The day started off with more concerns about the coronavirus, and while we know this will pass just as other market scares from SARS, Ebola, etc., passed, the number of cases and confirmed deaths has risen and that could impact the economy in the short-term, even if it doesn't get much worse because people may not be as willing to travel knowing there are now some risks. We saw that in Transportation stocks recently, and the price of oil, although there was a strong positive reversal in the Transportation Index yesterday after a 3 and a half day sell-off.
With oil falling again, and bond yields still dropping, we could be seeing an early warning sign of an economic slowdown, but it may be too early to say with both trying to rebound off the lows yesterday. Even if it is just a knee-jerk reaction to the coronavirus, any drop off in travel could impact the global economy to some extent.
The 10-year yield will get some big attention if it falls below 1.5% (15.0 on the chart) again, although in the short-term, watch that 1.7% area. The stock market will not be all that happy about sub 1.5% rates, and a move below 1.7% might set the table for a test of that prior low.

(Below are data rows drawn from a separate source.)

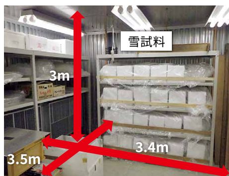
図2 低温実験室の概要 (左図は第一実験室, 右図は第二実験室)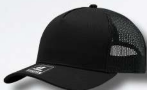
BLACK / BLACK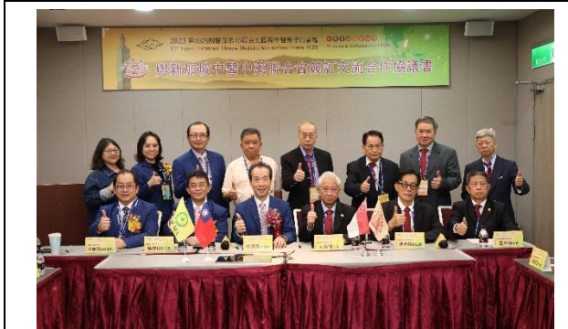
與新加坡中醫中藥聯合會簽署 MOU

That said, it hasn't stopped investors from buying. With stocks moving up relentlessly, the biggest fear out there right now may be the fear of missing more upside. It is getting bubble-like, but as always, bubbles can grow a lot bigger than we think possible -- before they burst!
Intel posted a strong earnings report after the bell on Thursday and should gap up on Friday morning. It's not the market leader it once was but even when it was, it's not as good of a story for stocks as it sounds. According to sentimenTrader.com, "If we buy [the Nasdaq] on the morning after it closed at a 52-week high and then Intel gapped up after an earnings release", it's "not a great risk/reward for buyers, with a high opportunity for losses in the coming days."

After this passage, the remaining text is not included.